Because we find ourselves in the somewhat special circumstance of creating many implementations of the same algorithms to support different hardware, we are especially sensitive to the importance of effective software testing environments. We would like to extend our test cases to be able to apply tests of correctness to essentially all molecular dynamics simulation programs.
More generally, there are undoubtedly many additional methods that could be implemented on GPUs to extend the range of available simulation scenarios. For example, more sophisticated force fields, such as polarizable force fields,27 could benefit from GPU acceleration. The precise details of how best to implement these methods remain to be worked out. We hope that our current work will help form the basis for an ever increasing library of GPU accelerated molecular dynamics techniques.
The implementation reported in this manuscript will be made available at Simtk.org as part of the OpenMM API (http://simtk. org/home/openmm). OpenMM is designed for incorporation into molecular dynamics codes to enable execution on GPUs and other high performance architectures.
Contract/grant sponsor: Simbios via the NIH Roadmap for Medical Research; contract/grant numbers: U54 GM072970, NIH R01-GM062868, NSF EF-0623664.
The performance numbers in Table 2 were determined by inspecting the code to count the exact number of floating point operations in each time step. There is no universally accepted way of counting operations, however. Addition, subtraction, multiplication, and division each count as a single operation, but we also must assign operation counts to transcendental functions such as logarithm and exponential. These operations are expensive to perform on a CPU, so they are traditionally assigned large operation counts. GPUs, in contrast, have specialized circuitry which allows them to be calculated very quickly.

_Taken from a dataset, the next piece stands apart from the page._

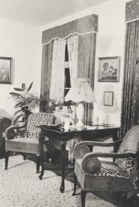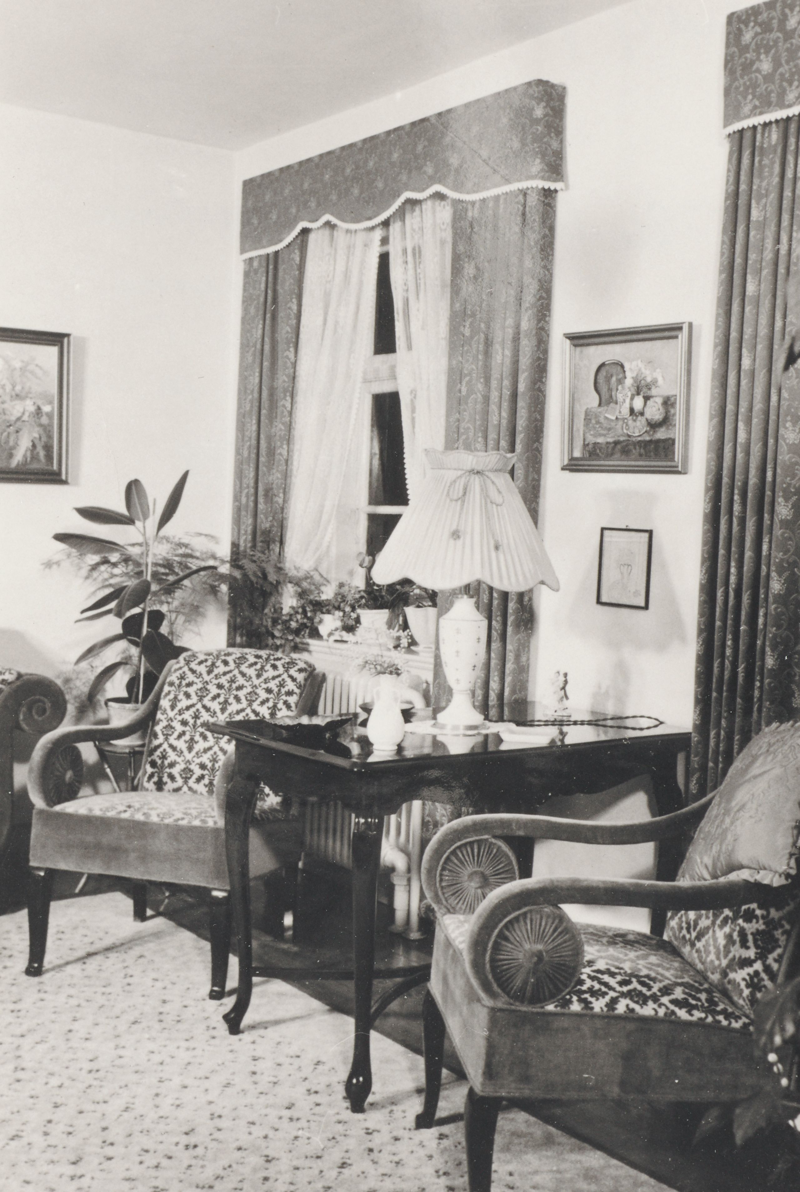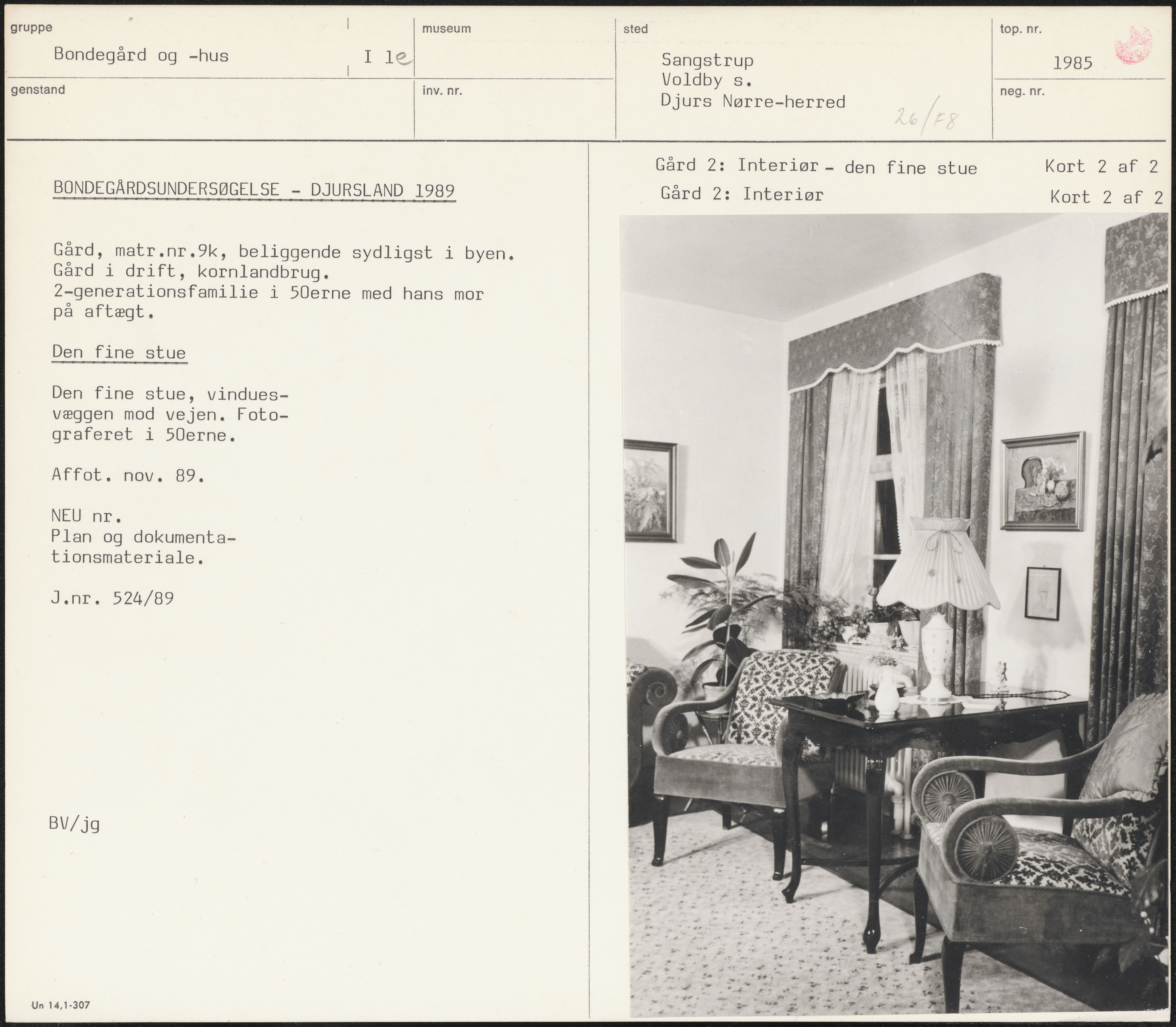 Maskingenkendt tekst fra arkivkort. BONDEGÅRDSUNDERSØGELSE - DJURSLAND 1989 Gård, matr.nr.9k, beliggende sydligst i byen. Gård i drift, kornlandbrug. 2-generationsfamilie i 50erne med hans mor på aftægt. Den fine stue Den fine stue, vindues- væggen mod vejen. Foto- graferet i 50erne. Affot. nov. 89. NEU nr. Plan og dokumenta- n tionsmateriale. J.nr. 524/89 BV/jg Un 14,1-307 Gård 2: Interiør - den fine stue Kort 2 af 2 Gård 2: Interiør Kort 2 af 2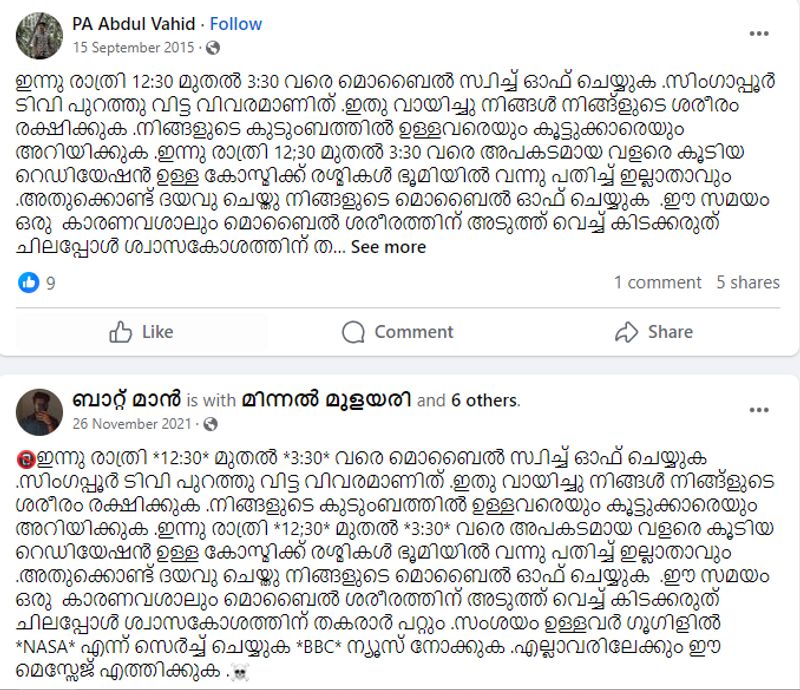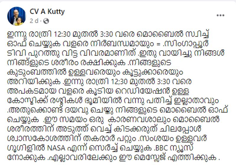 ഫേസ്ബുക്കിലും വാട്സ്ആപ്പിലും വീണ്ടും വൈറലായിരിക്കുകയാണ് കോസ്മിക് രശ്മികളെ കുറിച്ചുള്ള സന്ദേശം. ഫേസ്ബുക്കില് സി.വി എ കുട്ടി എന്നയാള് 2023 ഒക്ടോബര് 16ന് പോസ്റ്റ് ചെയ്ത സന്ദേശം ഇങ്ങനെ... 'ഇന്നു രാത്രി 12:30 മുതൽ 3:30 വരെ മൊബൈൽ സ്വിച്ച് ഓഫ് ചെയ്യുക വളരെ നിർബന്ധമായും. സിംഗപ്പൂർ ടിവി പുറത്തുവിട്ട വിവരമാണിത്. ഇതു വായിച്ചു നിങ്ങൾ നിങ്ങളുടെ ശരീരം രക്ഷിക്കുക. നിങ്ങളുടെ കുടുംബത്തിൽ ഉള്ളവരെയും കൂട്ടുകാരെയും അറിയിക്കുക. ഇന്നു രാത്രി 12:30 മുതൽ 3:30 വരെ അപകടമായ വളരെ കൂടിയ റെഡിയേഷൻ ഉള്ള കോസ്മിക്ക് രശ്മികൾ ഭൂമിയിൽ വന്നു പതിച്ച് ഇല്ലാതാവും. അതുക്കൊണ്ട് ദയവു ചെയ്തു നിങ്ങളുടെ മൊബൈൽ ഓഫ് ചെയ്യുക. ഈസമയം ഒരു കാരണവശാലും മൊബൈൽ ശരീരത്തിന് അടുത്ത് വെച്ച് കിടക്കരുത്. ചിലപ്പോൾ ശ്വാസകോശത്തിന് തകരാർ പറ്റും. സംശയം ഉള്ളവർ ഗൂഗിളിൽ NASAഎന്ന് സെർച്ച് ചെയ്യുക. BBCന്യൂസ് നോക്കുക. എല്ലാവരിലേക്കും ഈ മെസ്സേജ് എത്തിക്കുക'.

This creates an ambiguity about how to calculate performance. One option is to assign operation counts that accurately reflect how quickly a GPU can perform each operation: if an exponential takes no more time to calculate than an addition, it should be counted as a single operation. Alternatively, one could assign operation counts that reflect how expensive an operation is on a CPU. If a typical CPU requires 20 clock cycles to calculate an exponential, the GPU should be given credit for doing 20 floating point operations, even though it does it much more quickly.
We therefore chose to use two different methods for calculating performance based on the two sets of operation counts shown in Table 4. The first set reflects how quickly a GPU can calculate various functions, and is most appropriate when comparing multiple simulations run on a GPU. The other set of values reflects how quickly a typical CPU can calculate those functions, and is most appropriate for comparing the performance of a GPU to a CPU.